Information provided:
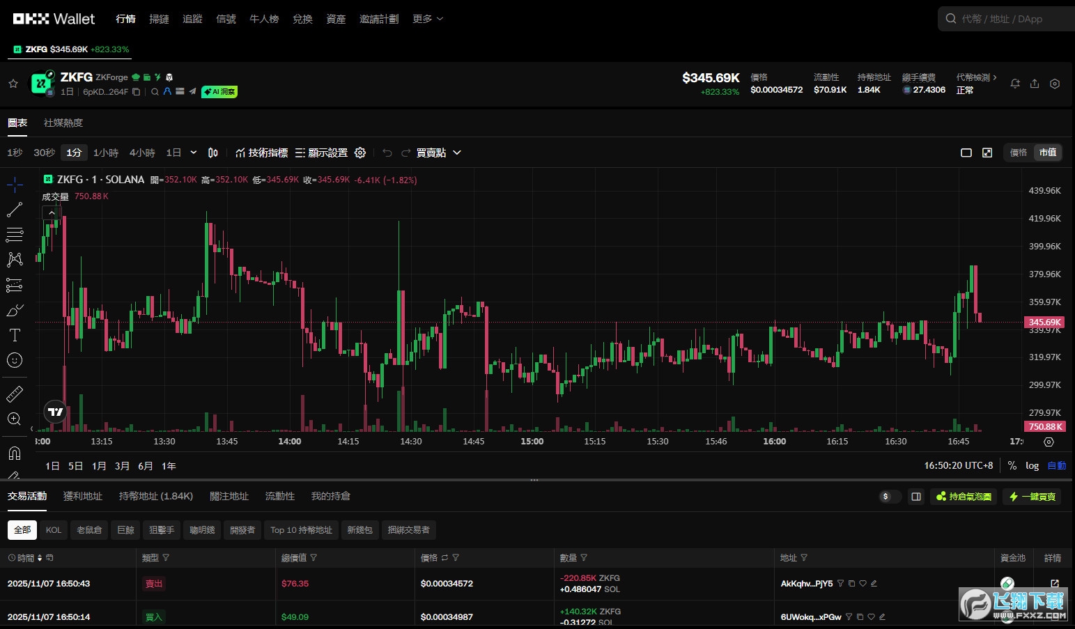 在搜索栏输入 ZKFG 的名称或合约地址,或在行情页面的列表中查找。
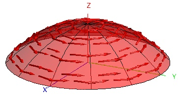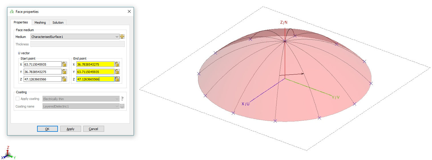Curved surfaces such as radomes have to be split into smaller faces so that a valid U-Vector can be defined for each surface. As an illustration, consider a sphere. There is no single vector that has a valid projection onto the surface of a sphere, since at two points, the vector points in the direction of the face normal.
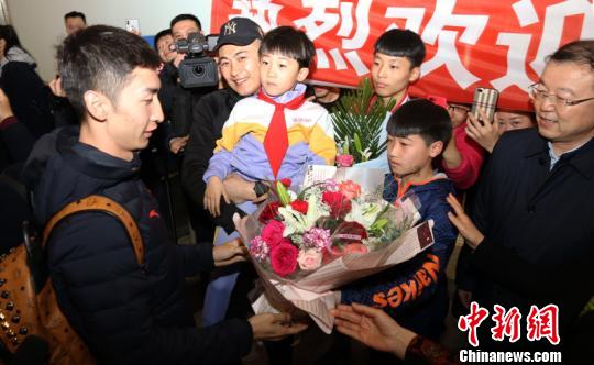 中新网佳木斯4月2日电(潘蕾 宋洋 王妮娜)随着飞机降落佳木斯机场,4月2日8时多,2018年平昌冬季奥运会男子短道500米冠军武大靖回到家乡,在机场受到热烈欢迎。

Exercise: Set down the material exactly, every line of it, except for the pictures.

Written answer:
 在搜索栏输入 ZKFG 的名称或合约地址,或在行情页面的列表中查找。
Curved surfaces such as radomes have to be split into smaller faces so that a valid U-Vector can be defined for each surface. As an illustration, consider a sphere. There is no single vector that has a valid projection onto the surface of a sphere, since at two points, the vector points in the direction of the face normal.
 中新网佳木斯4月2日电(潘蕾 宋洋 王妮娜)随着飞机降落佳木斯机场,4月2日8时多,2018年平昌冬季奥运会男子短道500米冠军武大靖回到家乡,在机场受到热烈欢迎。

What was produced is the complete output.